Bravery and Greed is a sidescrolling roguelite beat ‘em up by Rekka Games, in which you fight your way to the runes needed to unlock a dwarven vault with untold riches inside. Adventure mode sees one-to-four players taking on five dungeons to steal the dwarven treasure, with specific dungeon layout and rewards randomized. Each room you enter hides a small platforming challenge, a fight, or a reward, with fights being the most common occurrence.
Each of the four character classes has an upwards attack, a downwards attack, a neutral attack combo, a hold attack, and a projectile that can be used a few different ways, and all of these are substantially different between classes. You end up relying on some attacks more than others, but there’s just enough attack variety in both type and purpose that spamming the attack button isn’t always the best strategy.

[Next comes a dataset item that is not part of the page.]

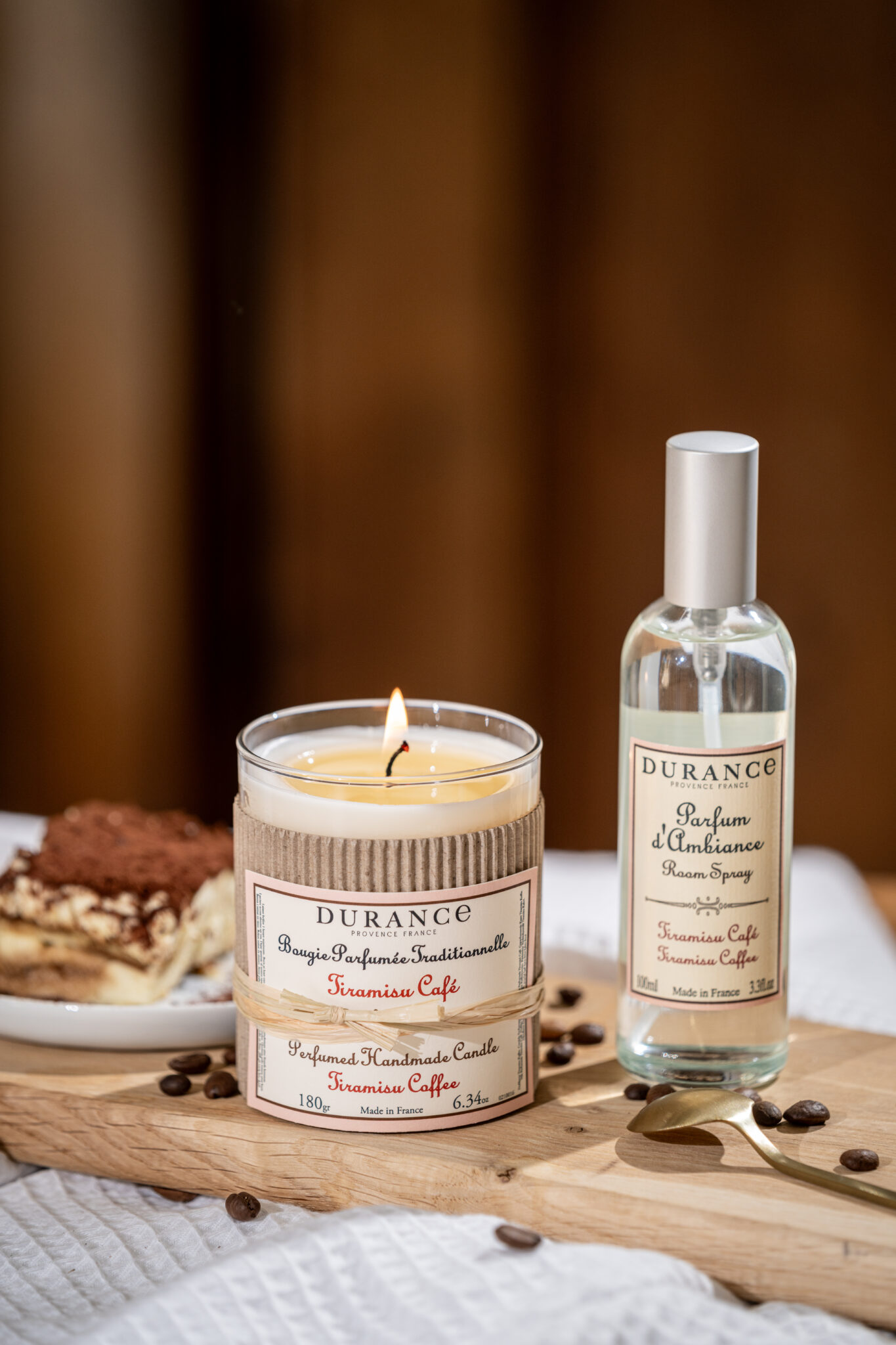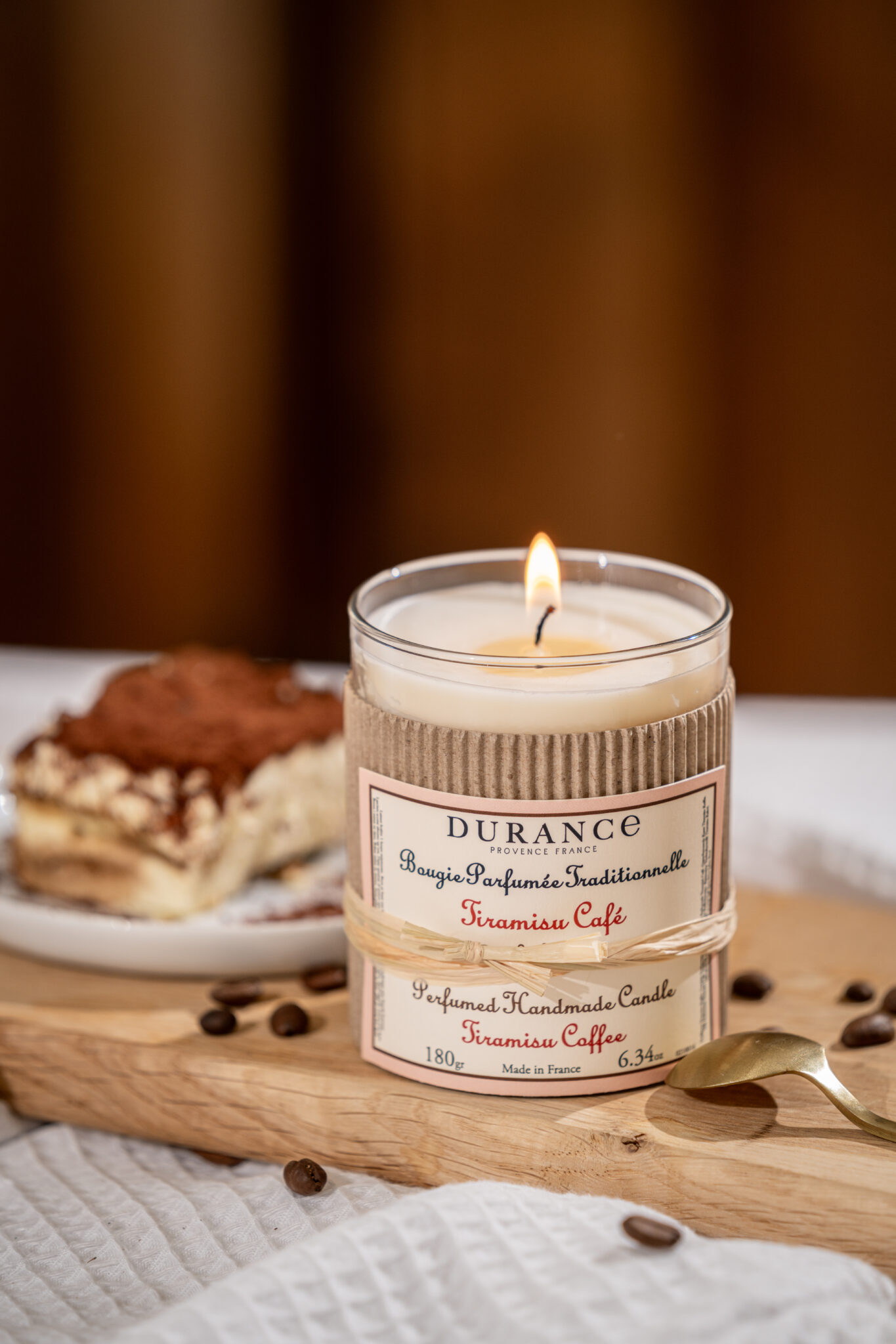 Esta vela perfumada Tiramisú Café -180 gr de Durance, de fragancia cálida y exquisita por la vainilla dulce y el café tostado, con notas de coco y cacao en polvo, difunde su perfume de manera óptima, intensa e inmediata, creando un ambiente muy agradable.

The equipment you find has a diverse range of effects, from summoning skeletons when you kill an enemy to adding damage to certain attacks, and keeps each run feeling unique. There are also four mutually exclusive gods selectable at statues who give random perks per run. Since you can only pick one god per run and each god has a modest selection of perks, you’ll see the same perks over and over if you pick the same god on every run. Even so, the way perks interact with your character class, equipment, and the random order you get them in grants each run a slightly different play style.
At its best, each fight is a chaotic, but not mash-filled battle against a variety of enemy types that require you to dance through the battlefield. At its worst, it’s still pretty fun, just a bit too easy without enabling the Arcana-based run modifiers.
Speaking of which, at the end of each run, you’ll unlock new equipment and run modifiers based on how much gold you collect and what hidden objectives you complete. The modifiers mostly make the game harder or add minor mechanics in exchange for bonus gold. The game had enough variety and unlocked quickly enough that I didn’t feel trapped by the upgrade system, but I didn’t unlock everything and can’t say if it stays rewarding for dozens of hours.
The coolest part of the game should be the co-op, but from my limited experience with it, the co-op is a bit too chaotic to see what’s going on. In general, enemy animations and effects are just clear enough to react to, but when there are two or more people creating multiple sets of effects and moving the screen around, it gets a bit wild. Although you’ll definitely have fun with it, it feels less skillful and more mashy than the single-player.
The game’s animation looks good in motion, although I found the enemy designs generic, and the music and sound effects are unremarkable but do the job.
The light platforming is the one part of dungeons I haven’t mentioned because it’s forgettable. It’s a bit clunky since you can’t adjust your jump in mid-air, but you eventually get used to it and it’s easy and brief anyway. It’s also worth mentioning there’s a Horde mode, as well as a PVP mode to fight your friends in, but they’re fairly barebones.
Bravery and Greed isn’t outstanding, but it’s a better-than-average roguelite with chaotic combat and fun upgrades to mix together, as well as co-op. If that sounds good to you, it’s worth a few hours of your time.
Bravery and Greed is out now on PlayStation 4, Xbox One, Nintendo Switch, and PC for $19.99.